YOUR HAZMAT TRANSPORT EXPERT

 

WORKING WITH YOU TO KEEP THE WORLD SAFE

“Oh, no, I’m not. I’ve got 2 minutes to spare”, responds my teenager. “Not on a week night”, I answer, “you’re nearly two hours late”. “Get a clue, Dad, there’s no school tomorrow. So, I’m on time”. “It’s still a week night, though, and you’re past the week night deadline”, I say, trying not to get too grumpy. My teenager has less restraint, though, and angrily shouts “Mom says the rule is for school nights, not week nights. How are we supposed to follow the rules if you two don’t let us know exactly what the rules are?” Silence. How can I refute that point?

I recently got a ticket. I sometimes drive a tad rapidly, but no, not that kind of ticket. I purchased an airline ticket from one of the biggest passenger airlines in the world, for travel within the United States. As part of the notifications that came along with my ticket was a notice that regulations dictate that “HazMat is forbidden for carriage”. What? Are you kidding me? HazMat isn’t forbidden from surface transport, as many railroads and trucking companies can attest. HazMat isn’t forbidden from air transport, as some parcel carriers could tell you. HazMat isn’t even forbidden from passenger aircraft, as indicated by a couple of the columns in the ICAO Dangerous Goods List. In fact, the airline let me carry on HazMat, and use HazMat in flight. So, why the clearly untrue notice that HazMat is forbidden for carriage?

Many times I begin a DG class by asking if everyone remembered to bring some DG with them. Usually I get blank looks in return. Then I ask the bewildered students, “Surely someone has some HazMat with them that they intend to rub on their skin later today, don’t you?” And almost always it turns out that someone has flammable hand sanitizer with them, yet didn’t think of it as DG. Then we turn to the DG that almost everyone has with them, although you don’t rub these on your skin. In most classes, there has been a student that catches on quickly, who can point out the lithium batteries that power our watches, cell phones, and laptop computers. Even in recurrent classes, it’s usually necessary to remind the students that the definitions of “dangerous goods” and “hazardous materials” include many substances or articles that people don’t generally think of as DG or HazMat.

But it’s not just carriers and untrained students that don’t always have a grasp of what’s regulated, sometimes the regulators themselves don’t know what they don’t know.
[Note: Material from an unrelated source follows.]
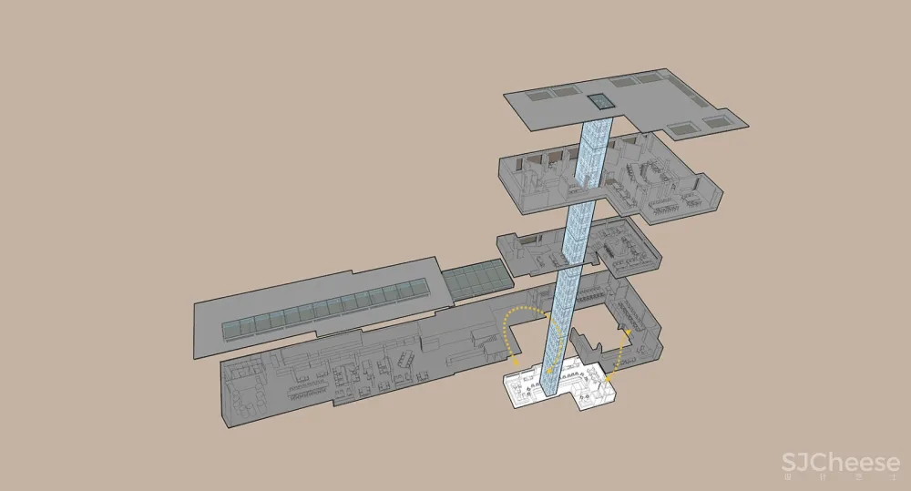 “在商业设计过程中,设计师不仅要完成空间的美观与功能,更要参与到整个商业业态的规划之中。”设计师说道。改造后,空间之间独立又互通,从任何一个空间进入,都可以步行到其他空间中去。动线设计让整个项目的体验更加完整,商业运营更经济高效。

A little internet searching will show you that some regulators still tell the public that household strength bleach is a DG. Sure, there was a famous airplane incident with concentrated industrial bleach, but that’s different than household bleach. And probably the world’s biggest brand of household bleach used to ship it as if regulated, because they assumed it was regulated. But when they modified their product to make it slightly stronger, they actually tested it. Household strength bleach doesn’t start fires, it doesn’t feed fires, it doesn’t corrode skin, it doesn’t corrode steel fast enough, and it doesn’t corrode aluminum fast enough. So, household bleach is not 5.1 and not 8, and is not regulated as DG or HazMat, despite what some ‘competent authorities’ are communicating to the public.

Unscientific pondering from the swing has led to a determination of the three most common DG misconceptions held by the public.
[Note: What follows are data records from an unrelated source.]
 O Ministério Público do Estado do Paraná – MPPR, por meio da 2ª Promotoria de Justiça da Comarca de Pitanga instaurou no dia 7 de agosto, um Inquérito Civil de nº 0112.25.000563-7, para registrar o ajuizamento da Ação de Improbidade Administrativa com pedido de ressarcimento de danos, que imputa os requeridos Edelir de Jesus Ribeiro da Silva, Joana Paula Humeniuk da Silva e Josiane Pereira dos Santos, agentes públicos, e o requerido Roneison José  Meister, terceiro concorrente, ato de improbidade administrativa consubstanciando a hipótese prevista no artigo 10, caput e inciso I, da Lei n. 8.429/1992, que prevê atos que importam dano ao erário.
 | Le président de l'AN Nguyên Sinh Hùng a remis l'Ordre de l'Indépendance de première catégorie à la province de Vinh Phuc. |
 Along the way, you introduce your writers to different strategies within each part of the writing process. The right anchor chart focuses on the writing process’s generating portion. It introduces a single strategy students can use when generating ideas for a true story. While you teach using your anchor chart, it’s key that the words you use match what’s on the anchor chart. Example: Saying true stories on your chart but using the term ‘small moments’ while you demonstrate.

  1. HazMat = HazWaste. When I tell anyone what my job is, the most common response is that it is wonderful that someone is willing to deal with hazardous waste, because they themselves would be too frightened to deal with such nasty stuff. Oh, my. I’m sure we “experts” all know that quite a bit of HazMat (DG) isn’t waste, but apparently the general public doesn’t know this.
  2. If I can buy it in a grocery store, it cannot be DG. Clearly if hand sanitizer and batteries can be bought in many grocery stores, then DG is sold there.
  3. Only chemicals can be HazMat. Batteries are articles, and not chemicals. Alcohol wipes aren’t bottles or jars of chemicals. Pressurized struts and shock absorbers aren’t chemicals. Fireworks are articles, articles that may contain chemicals, but still articles. Self-inflating life rafts. Fuel cells. Matches. Do I need to go on?

We all want safety. But if one of world’s biggest passenger air carriers e-mails BS to the general public, and if some of the regulators don’t communicate accurately, then how is the public to know what’s DG? If the public doesn’t know what’s DG, how can we expect them to comply with DG rules? And not just carrying DG on planes or HazMat in luggage, but whenever offering a shipment to a courier. I know of an administrative assistant that got a multi-billion euro company in trouble for sending toiletries overnight, undeclared, via parcel carrier to a vice-president whose luggage had been lost. If the public can’t comply with DG regulations, because we can’t explain to them what is DG and what isn’t DG, then how are we going to get the safety we want? My teenager was late (or not) because her parents didn’t make the rules clear and understandable. The consequences though, of HazMat undeclared through ignorance or confusion can be much worse than those of a late-arriving teenager. We, regulators, carriers, consultants, trainers, security folks, and anyone else involved in DG had better get our message clarified and accurate.

Better late than never. Better now than later.